Independent clauses in English grammar are grammatical structures that consist of a subject and a predicate and that can function independently as complete sentences. Independent clause is a grammatical form. All independent clauses in the English language are finite, meaning that the clauses contain conjugated verbs functioning as predicates. Verb clauses are the only independent clauses in English grammar. Verb clauses can function as declarations, exclamations, questions, and imperatives in the English language. For example, the following italicized clauses are examples of independent clauses:

  • I am Pi. (declaration)
  • My phone broke falling from my pocket onto the concrete. (declaration)
  • She is! (exclamation)
  • Her house was burglarized last weekend! (exclamation)
  • Whose dog was barking? (question)
  • For whom does the bell toll? (question)
  • Stop! (imperative)
  • Wipe your paws at the door. (imperative)

Some grammars use the terms main clause, matrix clause, and superordinate clause for independent clauses. Independent clauses contrast with dependent clauses.

Dependent Clauses

Dependent clauses in English grammar are grammatical structures that consist of a subordinating conjunction followed by a subject and a predicate and that cannot function independently as complete sentences. Dependent clause is a grammatical form. Dependent clauses are either finite, meaning that the clause contains a conjugated verb functioning as a predicate, or nonfinite, meaning that the clause lacks a conjugated verb. Noun clauses, adjective clauses, and adverb clauses are the three dependent clauses in English grammar. Noun clauses, adjective clauses, and adverb clauses perform multiple functions in the English language. For example, the following italicized clauses are examples of dependent clauses:

  • The museum will send a bill to whoever damaged this statue. (noun clause)
  • Whether you will pay for the party is not even a question. (noun clause)
  • The gentleman who works at the nursery was my neighbor. (adjective clause)
  • The deli where he forgot his wallet is known for its unique salads. (adjective clause)
  • After Elizabeth gave the baby a bath, she cooked fried chicken. (adverb clause)
  • Some children cannot usually eat cookies because they are allergic to gluten. (adverb clause)

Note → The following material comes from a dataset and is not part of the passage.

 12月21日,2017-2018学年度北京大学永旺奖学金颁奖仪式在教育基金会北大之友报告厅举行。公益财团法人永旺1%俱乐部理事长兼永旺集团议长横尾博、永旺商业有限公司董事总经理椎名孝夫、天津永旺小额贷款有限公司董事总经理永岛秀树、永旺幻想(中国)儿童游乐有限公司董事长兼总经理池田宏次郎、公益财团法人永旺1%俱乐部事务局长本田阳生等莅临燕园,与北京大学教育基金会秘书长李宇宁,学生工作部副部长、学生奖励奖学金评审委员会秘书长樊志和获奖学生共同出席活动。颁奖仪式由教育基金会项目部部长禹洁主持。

Some grammars use the terms subordinate clause for dependent clauses. Dependent clauses contrast with independent clauses.

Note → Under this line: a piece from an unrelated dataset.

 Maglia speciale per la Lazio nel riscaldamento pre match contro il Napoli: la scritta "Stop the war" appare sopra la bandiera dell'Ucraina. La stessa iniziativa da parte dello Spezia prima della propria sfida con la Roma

Consisting of a subject and a predicate, a clause is the smallest grammatical unit that can express a complete proposition. One primary division of clauses is the distinction between independent clauses and dependent clauses.

See also Finite Clauses and Non-finite Clauses in English Grammar.

Summary

Clauses are grammatical structures that contain a subject and a predicate and the smallest grammatical unit that can express a complete proposition.

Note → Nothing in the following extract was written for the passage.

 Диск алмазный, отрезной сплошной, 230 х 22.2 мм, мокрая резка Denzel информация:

Independent clauses can function independently as complete sentences. Dependent clauses cannot function independently as complete sentences.

Independent clause and dependent clause are grammatical forms.

Independent clauses are finite, meaning that the clauses contain conjugated verbs functioning as predicates. Dependent clauses are either finite, meaning that the clause contains a conjugated verb functioning as a predicate, or nonfinite, meaning that the clause lacks a conjugated verb.

Verb clauses are the only independent clauses in English grammar. Noun clauses, adjective clauses, and adverb clauses are the three dependent clauses in English grammar.

Some grammars use the terms main clause, matrix clause, and superordinate clause for independent clauses. Some grammars use the terms subordinate clause for dependent clauses.

References

Brinton, Laurel J. & Donna M. Brinton. 2010. The linguistic structure of Modern English, 2nd edn. Amsterdam: John Benjamins Publishing Company.
Fromkin, Victoria, Robert Rodman & Nina Hyams. 2006. An introduction to language. Boston: Wadsworth Publishing.
Hopper, Paul J. 1999. A short course in grammar. New York: W. W. Norton & Company.
Huddleston, Rodney. 1984. Introduction to the grammar of English. Cambridge: Cambridge University Press.